Gaza reconstruction costs estimated at $71.4 billion, UN and EU announce

Gaza reconstruction estimated at $71.4 billion, UN and EU say

UN and EU say Gaza reconstruction will cost $71.4 billion over 10 years; $26.3 billion is required in 18 months to restore services, housing and trade.

The United Nations and the European Union released a joint estimate on Monday placing the total cost of Gaza reconstruction at $71.4 billion over the next decade, a figure drawn from a rapid damage and needs assessment conducted with the World Bank. The report says $26.3 billion must be mobilised within the first 18 months to restore basic services, rebuild critical infrastructure and support immediate economic recovery. The announcement underscores the scale of destruction across housing, health, education, trade and agriculture, and the need for reconstruction to proceed alongside ongoing humanitarian efforts.

UN-EU estimate and funding timeline

The joint assessment breaks the $71.4 billion figure into immediate and long-term needs, calling for rapid disbursement of $26.3 billion during the 18 months following the assessment. This initial tranche is intended to restore essential public services and reconstruct key infrastructure to stabilise daily life and enable wider recovery. The full $71.4 billion is projected to cover recovery, reconstruction and economic revitalisation across a 10-year horizon.

Recorded physical damage and economic loss

The report places direct physical damage to infrastructure at about $35.2 billion and economic and social losses at $22.7 billion. Housing bears a substantial share of the physical toll, with the assessment recording 371,888 dwellings destroyed or damaged. The combined figures illustrate both the immediate reconstruction burden and longer-term economic recovery needs that will follow the initial rebuilding phase.

Human impact: displacement, services and education

According to the assessment, roughly 1.9 million people have been displaced, many multiple times, and more than 60 percent of the population has lost their homes. More than half of healthcare facilities have been rendered non-operational, and nearly all schools sustained damage or destruction, sharply limiting access to health care and education. The collapse of services and shelter has compounded humanitarian needs and intensified pressure on neighbouring areas and aid agencies.

Economic contraction and development setback

The assessment estimates the Gaza economy contracted by 84 percent, a collapse that has dramatically reversed decades of human development progress. Analysts cited in the report argue that the cumulative impact on livelihoods, food security and social inclusion has set back human development in Gaza by an estimated 77 years. Restoring economic activity and social services will therefore be essential not just for rebuilding infrastructure but for reversing deep social and developmental losses.

Conditions for successful reconstruction

The joint statement stresses that reconstruction cannot succeed without a set of enabling conditions, including a durable ceasefire, adequate security, unfettered humanitarian access and the immediate restoration of core public services. Freedom of movement for people, goods and construction materials between Gaza and the West Bank is listed as a critical requirement to allow materials, labour and commercial activity to resume. The assessment warns that without these conditions the recovery and reconstruction process will face severe impediments and likely fail to meet urgent needs.

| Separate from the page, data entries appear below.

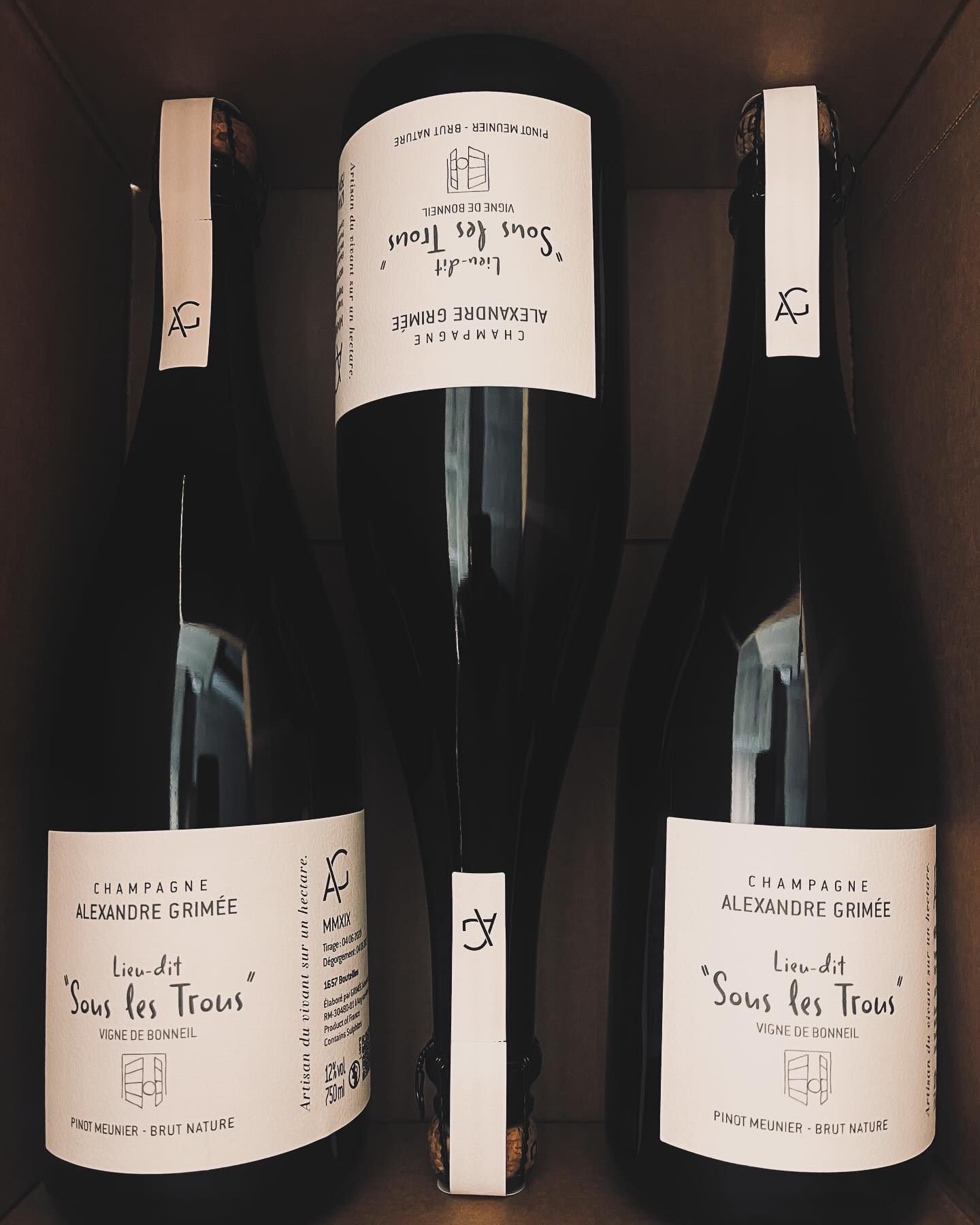 La cuvée « Sous les Trous » constitue l’unique expression du talent d’Alexandre Grimée, mais quelle expression ! Cette cuvée parcellaire exceptionnelle tire son nom de la parcelle éponyme située à Bonneil, plantée par son grand-père en 1973. Élaborée exclusivement à partir de Pinot Meunier, elle incarne parfaitement la philosophie du vigneron : révéler l’authenticité d’un terroir et la personnalité d’un millésime à travers un cépage trop souvent sous-estimé.
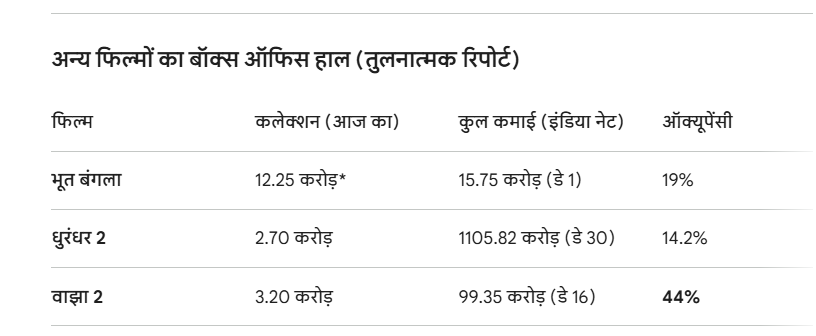 Entertainment: ‘भूत बंगला’ ने ओपनिंग डे पर ‘मुंज्या’ को पछाड़ा, ‘धुरंधर 2’ और ‘वाझा 2’ की रफ्तार भी जारी
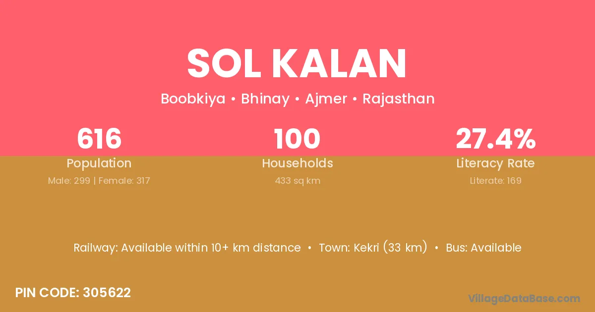 Kekri (33 km) is the nearest town to Sol Kalan village for major economic activities and is located approximately 33 km away.
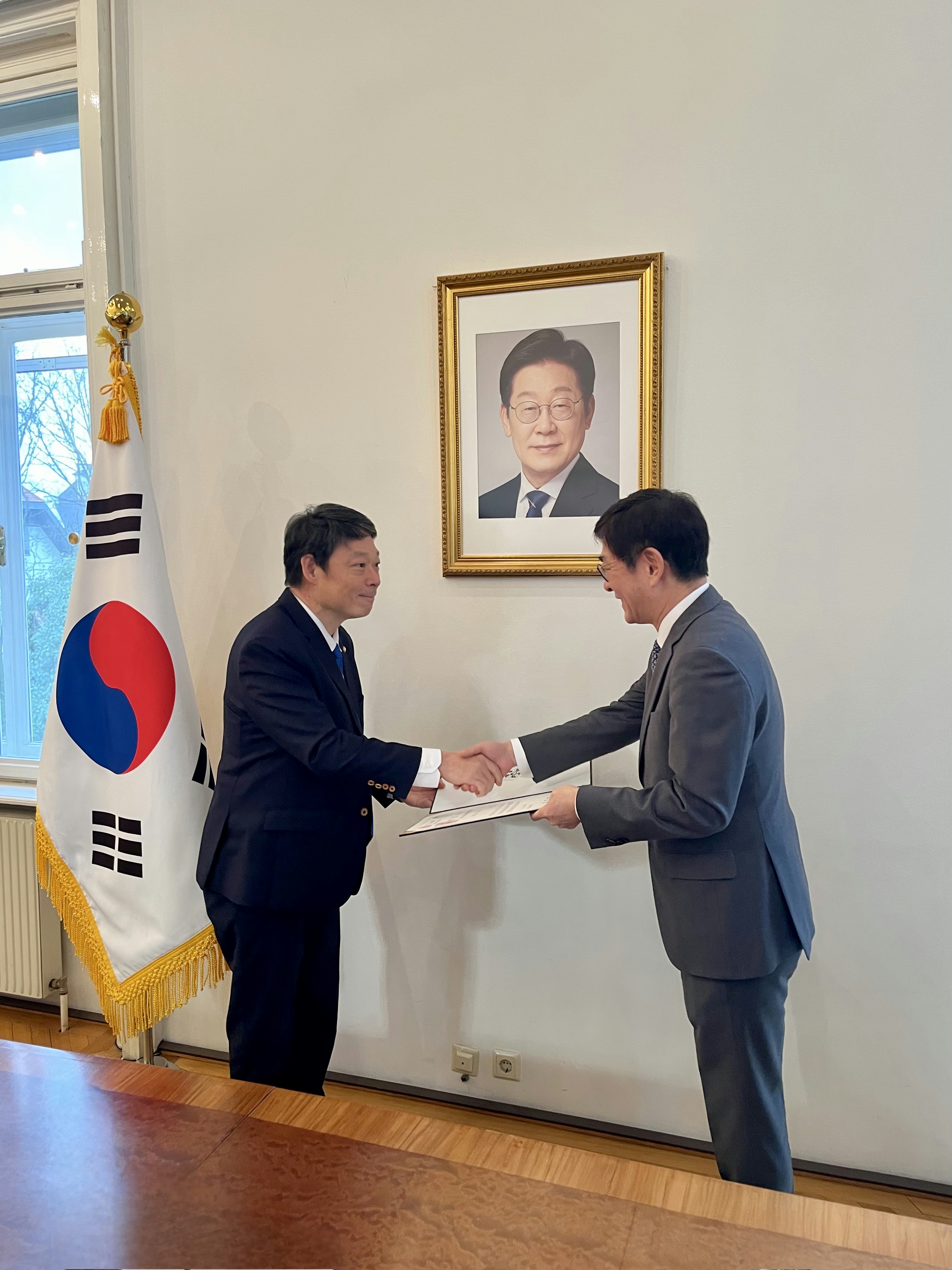 함상욱 대사는 2.5.(목) 민주평화통일자문회의 의장(대통령) 표창을 수상한 이호승 자문위원에게 표창장을 전수하였습니다.
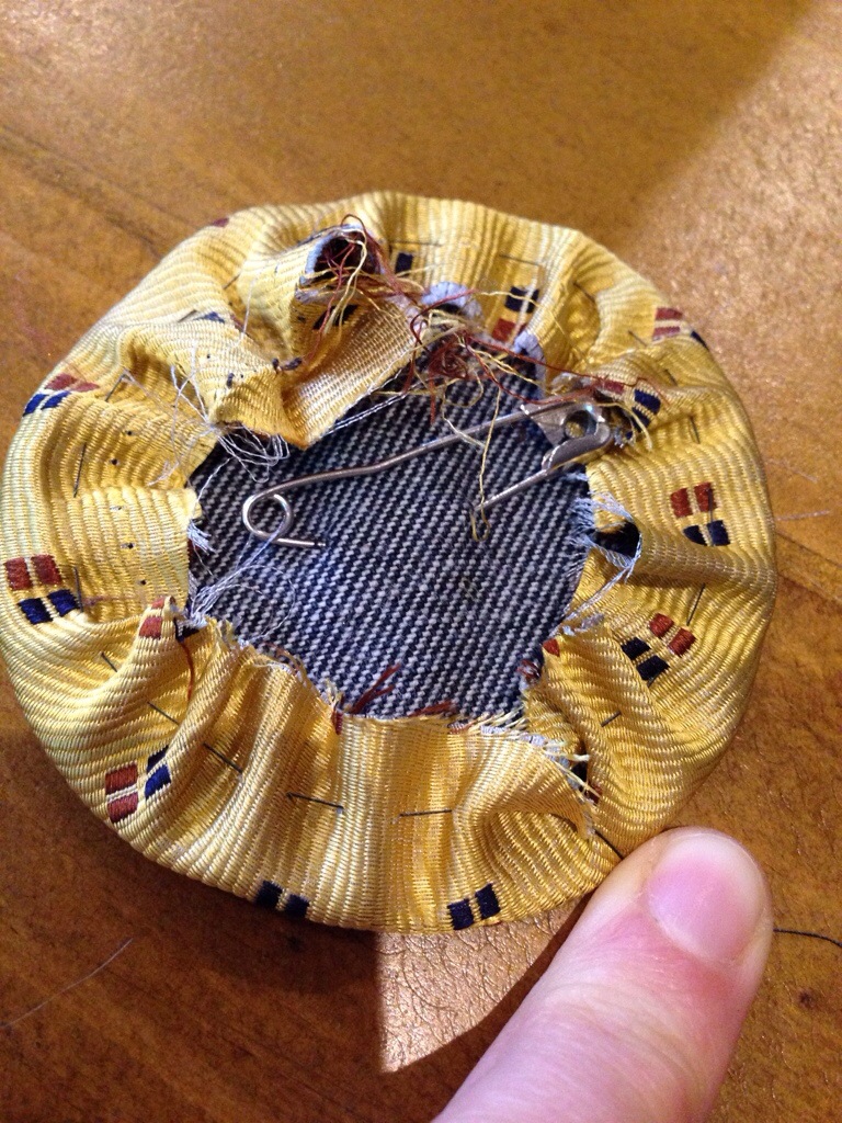 Use a safety pin in the centre to make sure your fabrics don’t slip about (especially if you used tie silk like mine!) 🙂 Pull up the thread to cause the allowance to gather up and fold over the denim:

Governance and Palestinian leadership in rebuilding

The report emphasises that Palestinians must take the lead in managing the reconstruction process, with programmes aligned to Security Council guidance and international commitments. It calls for coordination mechanisms that ensure Palestinian ownership of planning and implementation while drawing on international financing and technical support. Donor coordination and transparency are presented as prerequisites for effective allocation of funds and for building durable local institutions.

International and regional actors will face complex political, logistical and financing challenges as they respond to the report’s call for unprecedented investment in Gaza. The scale of the required funding, the need for parallel humanitarian and reconstruction operations, and the security conditions on the ground will test the ability of states and multilateral organisations to deliver quickly and at scale. Donors will also be pressed to balance immediate relief with long-term reconstruction that promotes resilience and economic opportunity.

The assessment frames reconstruction as both an urgent humanitarian necessity and a long-term development endeavour, requiring sustained engagement over a decade. Restoring homes, hospitals, schools and markets will be a multi-year effort that must be sequenced with social protection, livelihoods programming and institution-building. Success will depend on meeting the enabling conditions outlined in the report and on ensuring that reconstruction supports recovery that is locally led, transparent and inclusive.

Long-term recovery will also require sustained private-sector engagement and regional trade restoration to rebuild livelihoods and tax bases. Rebuilding agriculture, trade links and small and medium enterprises is essential to revive employment and food security. International financing instruments, concessional loans and grants will need to be structured to support both infrastructure and the revival of productive sectors.

The UN-EU assessment provides a detailed costing and a roadmap for immediate and phased reconstruction, but it also issues a clear warning: without security, humanitarian access and Palestinian leadership, neither recovery nor reconstruction will succeed. The coming months will test the international community’s capacity to translate the report’s figures and conditions into tangible financing and deliverable projects that reach the populations most in need.